Stills from the acclaimed feature ‘SPEAR’ directed by Bangarra Dance Theatre’s artistic director and choreographer Stephen Page and produced by John Harvey
Stills from the acclaimed feature ‘SPEAR’ directed by Bangarra Dance Theatre’s artistic director and choreographer Stephen Page and produced by John Harvey

Spear: Acclaimed indigenous films on Byron’s big screen

THE Byron Bay Theatre is set to host some of the most inspirational and acclaimed indigenous films for the 9th Arakwal NAIDOC Week Screening.

The Arakwal Corporation, Flickerfest and iQ worked together to present two aboriginal short films selected from this year's Flickerfest finalists, local short 'Nan and a whole lot of trouble' and 'Under skin in blood' as well as acclaimed feature Spear.

Spear is Australia's first contemporary Indigenous dance film directed by Bangarra Dance Theatre's artistic director and choreographer Stephen Page and produced by John Harvey.

John Harvey will be joining Flickerfest director Bronwyn Kidd for a Q&A with audiences after the show.

The 84 minute film follows the story of a young aboriginal man named Djali (Hunter Page-Lochard) who is trying to reconcile ancient tradition with the modern, urban world, using gesture and dance with minimal dialogue.

Mr Harvey said it was a challenge transforming what had originally been a dance work into a feature film.

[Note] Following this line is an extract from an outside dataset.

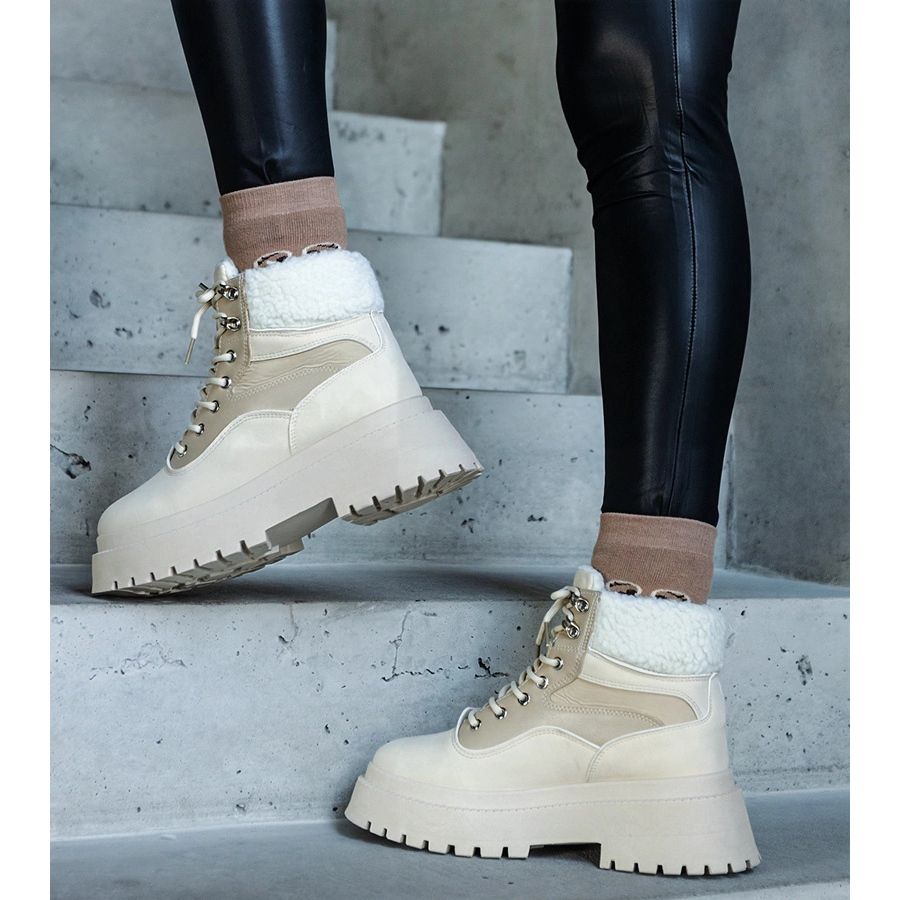 Inna marka Bestin beige-lenkkarit paksulla pohjalla ja turkisella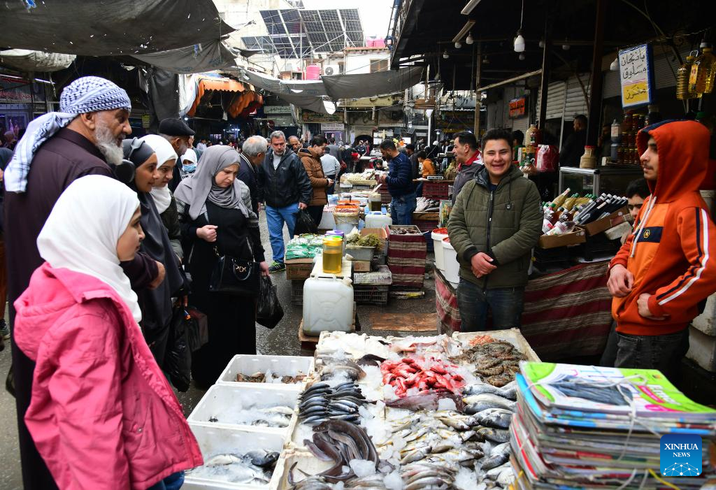 Syrians buy frozen fish at a fish market in Damascus, Syria, Feb. 23, 2026. Popular markets in Damascus have become crowded during the holy month of Ramadan, with shoppers searching for cheaper options amid economic hardship. (Photo by Ammar Safarjalani/Xinhua)

"The original dance theatre work was 38 minutes long," he said.

"It was really a process of…. thinking about the original story of spear and how that might expand to hold and sustain a feature film.

"The whole thing was a unique process for everyone involved."

Mr Harvey said the dancers, who were used to performing on stage at a distance from the audience, did an amazing job adapting to screen where the camera is up close and personal, and still remaining truthful and grounded.

"The other challenge for us was that Stephen (the director) when he was making this film, wanted to be true to the dance form," he said.

"He wanted to keep that spirit and energy of Bangarra and bring that to the screen.

"The feeling that you get is almost like a meditative place where you kind of surrender your spirit and energy and open your energy to not just seeing the story but feeling the story

"I think it's very different to a normal film where people have an expectation that there's a three act structure and there's going to be key plot points that stand out for me that I will follow."

Mr Harvey said the team worked hard to steer clear of Indigenous stereotypes and Australian 'postcard' locations in an effort to portray the real energy and spirit of indigenous Australian culture.

"He (the director) has this group of really dynamic, aboriginal and Torres Strait Islander dancers from all over the country, and they all have varying looks," he said.

"I think there's a real energy and spirit of indigenous culture that people get from this film," he said.

"Often an audience will come out and they will have felt things they haven't felt before.

At the Byron Community Centre on Tuesday, July 5, from 6.30pm. $12.